Sorry - misunderstood which layer you were talking about. Yes, that would work. Although even then I think the option to filter LAST_ACCESS (or others) from the second is useful, in lieu of a way to know what event it was. My use case is a file server - read accesses are completely normal and uninteresting, and not being able to tell them apart from permissions changes is unhelpful.
That comes back to API design then. We could either:
- Tell the
Observer
which types of events to record in the first place, possibly with a granularity that is finer than the actual subclasses ofFileSystemEvent
. It sounds like this is what you are proposing. - Record all events and provide different subclasses
FileMtimeModifiedEvent
,FilePermissionModifiedEvent
,FileOpenEvent
, etc, down to the smallest granularity that is useful and supported by the backend.

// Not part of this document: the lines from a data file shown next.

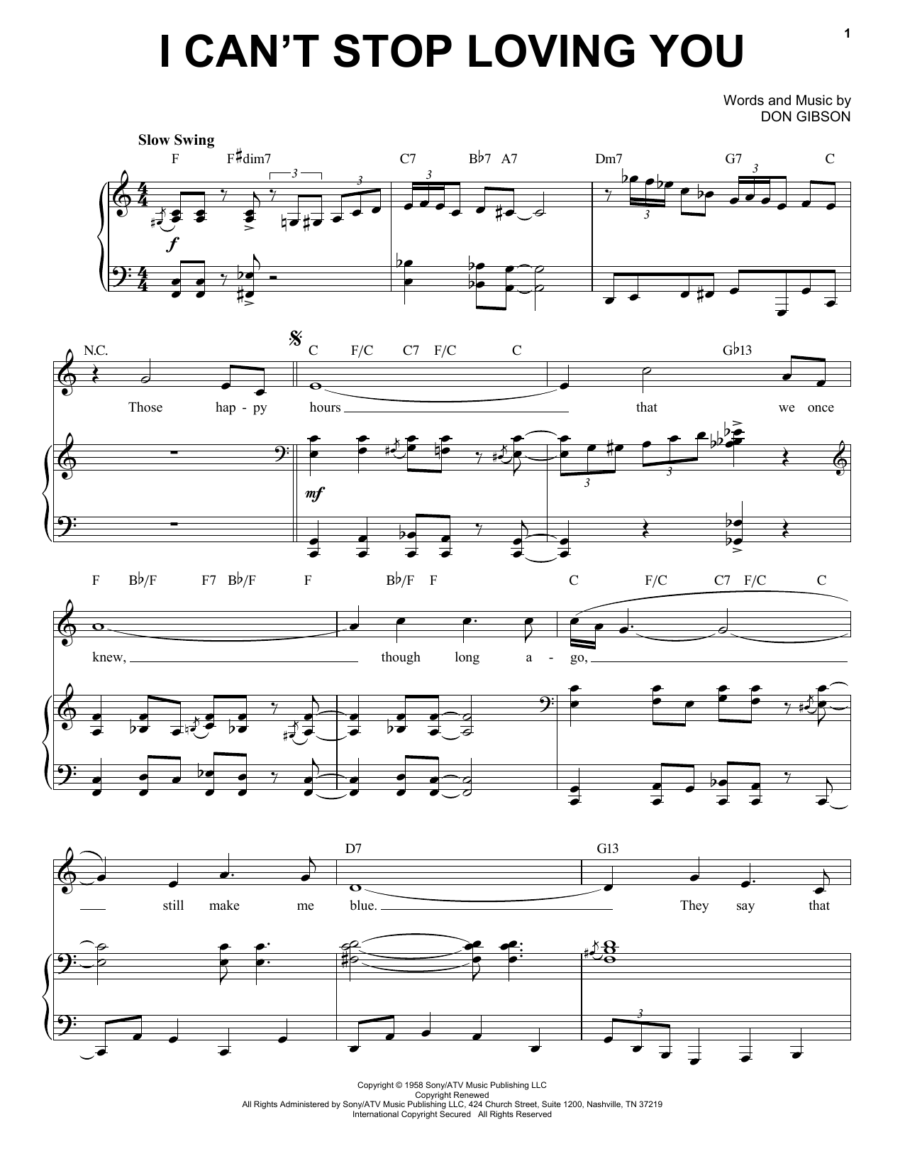 Download or print Ray Charles I Can't Stop Loving You [Jazz version] (arr. Brent Edstrom) sheet music, chords and digital score arranged for Piano & Vocal. This Country score includes 4 page(s).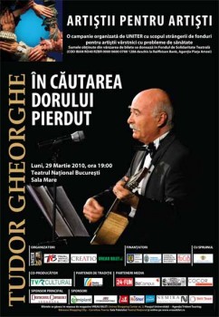 Luni, 29 martie 2010, ora 19:00, la Teatrul National Bucureşti, Tudor Gheorghe va susţine spectacolul În căutarea dorului pierdut.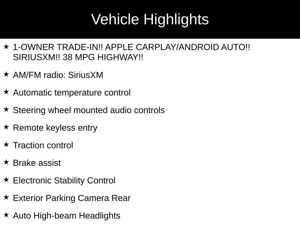 - 1-OWNER TRADE-IN!! APPLE CARPLAY/ANDROID AUTO!! SIRIUSXM!! 38 MPG HIGHWAY!!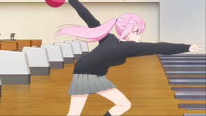 More than that though, it also undercuts the romance angle of this whole endeavor. Especially poor Izumi, whose whole gimmick is he's got cosmically bad luck that results in pratfalls and comedic accidents for his dashing girlfriend to save him from. So when those jokes fall flat, it leaves him a boring blank slate who mostly exists to tell us how cute and/or cool Shikimori is. That's on top of the friend character who just states the point of any given scene out loud, proclaiming “It seems we're going to become better friends” when they all go out bowling. Shikimori herself is easily the most interesting character, both because she's the most active, and that she obviously has a secret side she's trying to hide from her boyfriend. The closest this episode comes to compelling is when she wholeheartedly reassures her hapless bae that he doesn't need to worry about being worthy of her – she likes him and wants to stay by his side, and that's all that matters. That's a nice sentiment, but it also gives half our central couple permission to not be interesting, and that hinders any chance of the romance being engaging.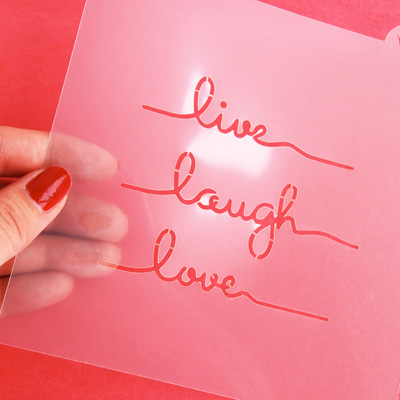 5.5インチ正方形のステンシルで、Live Laugh Loveのメッセージです。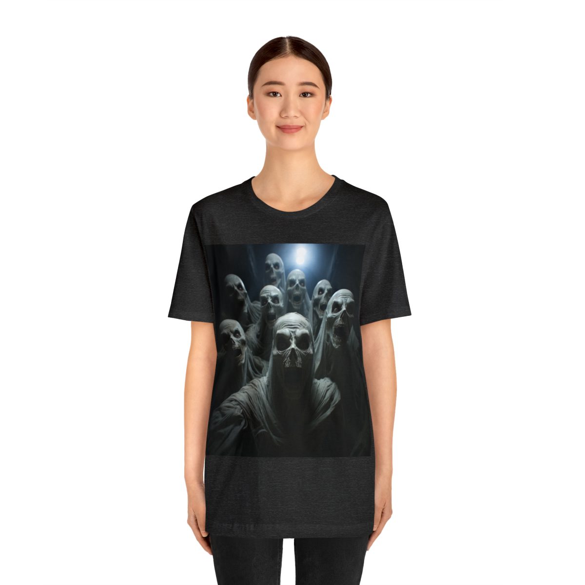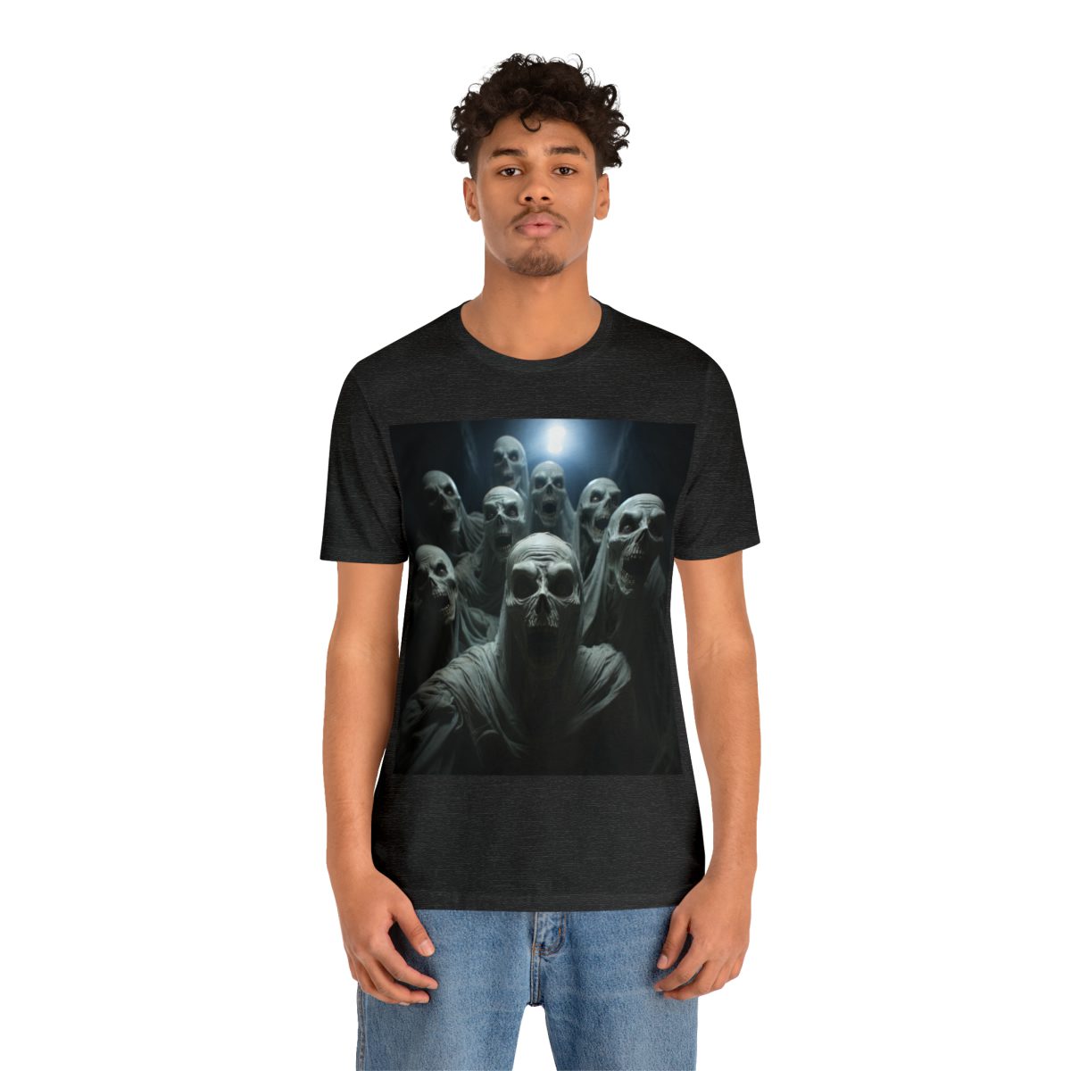 In the depths of a pitch-black chamber, a gathering of white skeleton creatures stare towards you, eerily. Bathed in a dim, foreboding light, their bony figures loom large, filling the one exit ahead. You can discern their jagged skulls covered in a wrinkly skin, mouths agape in a silent, eternal scream, and you wonder if you’ll make it out alive!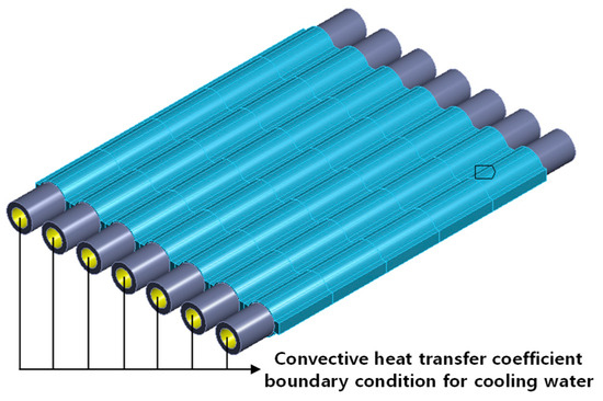 Additionally, during overlay welding, cooling water flows inside the pipe panel, which is considered convective heat transfer. The convective heat transfer coefficient, as illustrated in Figure 11, represents the heat transfer effect by cooling water. The convective heat transfer coefficient for the coolant flowing inside the pipe can be calculated using the internal forced convection equation in Equation (2). In Equation (2), K represents the thermal conductivity of water, while D denotes the internal diameter of the pipe. In the actual process, the thermal conductivity of water, K, is 0.629 W/m·K, given that the temperature of the internal cooling water is approximately 40 °C. As illustrated in Figure 4, the internal diameter of the pipe is 23.5 mm. Consequently, the value of the convective heat transfer coefficient by the coolant inside the pipe is calculated to be 116.7 W/m2·K.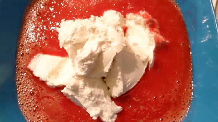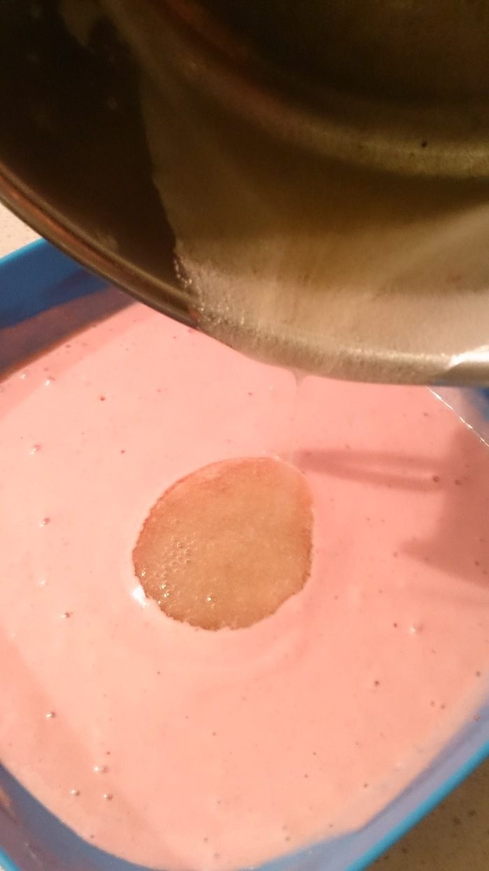 Теплый распущенный желатин введите в клубничный мусс и перемешайте.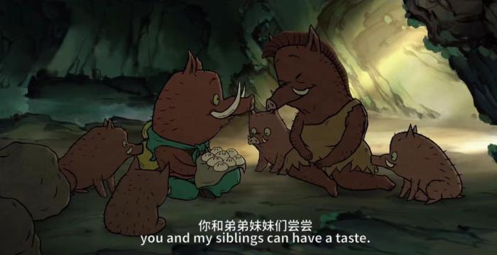 全片温情之处,是小猪妖和母亲的对话。妈妈给小猪妖准备了葫芦带在身边,“就是想让你多喝水别上火。”第一时间发现小猪妖秃了,便关心道:“你得学会照顾自己,别太累了。”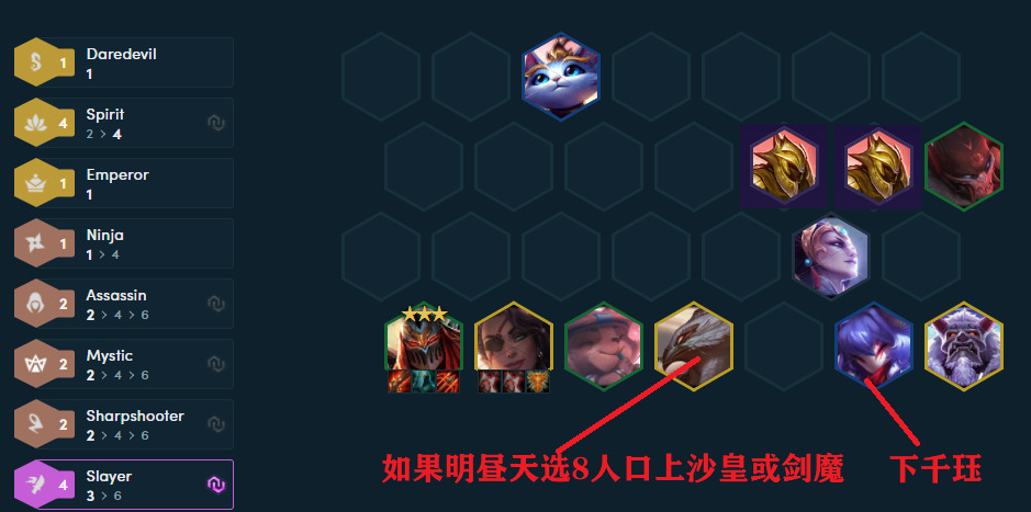 如果是明昼天选或猫咪秘术天选,8人口还可以挂永恩或者沙皇,沙皇>永恩。沙皇有2个小弟沙兵,我们阵容无前排,这样可以为猫咪分担一部分压力。如果时光2星替换风女可考虑上剑魔,剑的控制非常足,特别是缩角站位的直接拉出来,劫就能先杀掉。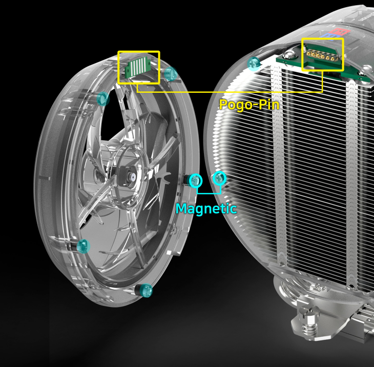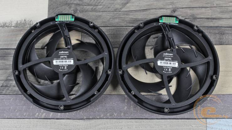 Два вентилятори ZALMAN ZT11523CSH отримали незвичну круглу рамку, яка гармонійно відповідає формі радіатора. Їх діаметр становить 115 мм, а товщина — 23 мм. Попри зовнішню схожість, вони дещо відрізняються: один із них реверсивний, що логічно для організації наскрізного продування. У конструкції застосовано гідравлічні підшипники з ресурсом 40 000 годин.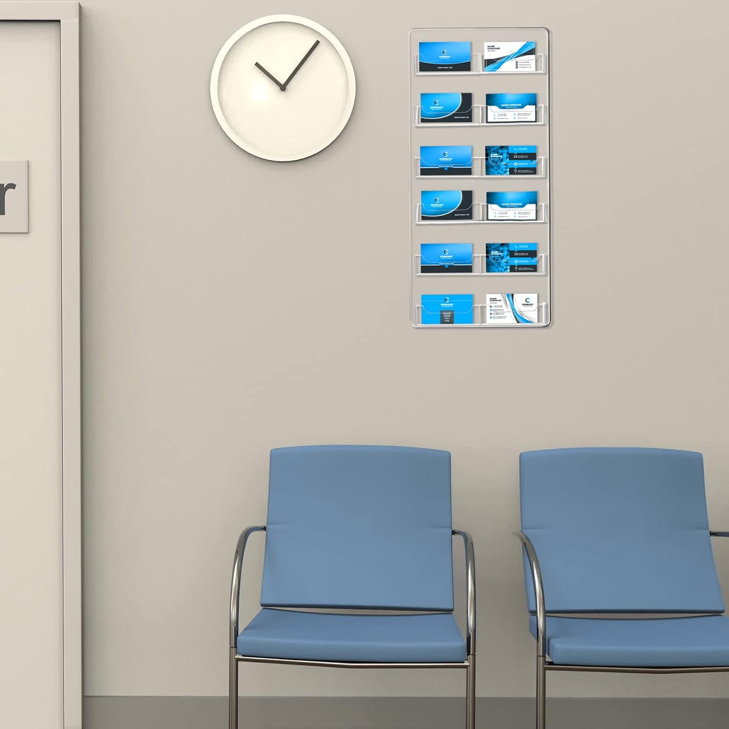 Qunclay 2 Pack 12 Pocket Acrylic Business Card Holder Wall Mount Clear Sticker Display Rack Vertical Multiple Gift Card Rack Display Stand for Home Documents Brochures Hanging Organizing Office Table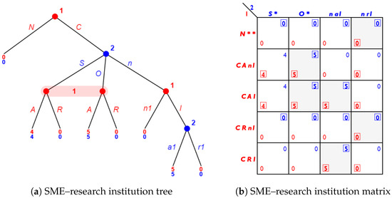 The publicly available game theory exploration tool GTE (Game Theory Explorer: http://app.test.logos.bg/ (accessed on 20 July 2024) published in [20] is used to build the game trees and the corresponding game matrix. Figure 3 and Figure 4 show extensive and strategic forms of the respective SME–consultant and SME–RI interactions generated in the game. The colour red and number 1 in both games (Figure 3 and Figure 4) denotes the actions of SME. The colour blue and the number 2 in the first game (Figure 3) denote the consultant’s actions while the in the second game (Figure 4) denote the actions of the research institution. In the first game, an SME can either create (C) or not create (N) a project. A consultant can respond by proposing matchmaking with other users (M) or offering (o) to directly collaborate with the SME. Regardless of the actual response of the consultant, the SME can accept (a) or reject (r) the collaboration offer or the suggested matchmaking. For the second game, the SME creates or does not create a project. The research institution can respond by offering a collaboration (O), or offering a service (S) or doing nothing (n). For the collaboration request or service request, SME can accept (A) or reject (R). However, if there is no response from the research institution, the SME can invite (I) the research institution to collaborate or not respond (n1). However, the SME collaboration invitation can be accepted (a1) or rejected (r1) by the research institution.

The watchdog API currently tries to implement the second approach and this issue makes a strong case that the provided granularity is insufficient for some use cases.
There can of course still be a discussion about API design, for example providing arguments to the Observer to suppress certain types of events before they are passed on to the Handler. This could marginally improve performance in some cases or reduce the number of required watches in Windows. However, IMO, we should still provide different subclasses of FileSystemEvent
for every type of information that is useful to separate (such as FileOpenEvent
).
Is there a way in Watchdog 2.1.2 to identify xattr only modify events and filter them out ?
Currently I am stuck with v0.10.3 which doesn't generate modify event for metadata changes
for the wandering googler, if your platform has stat, then its trivial to get around this issue by checking if the mtime has changed. such a solution would persist even after #800 has merged.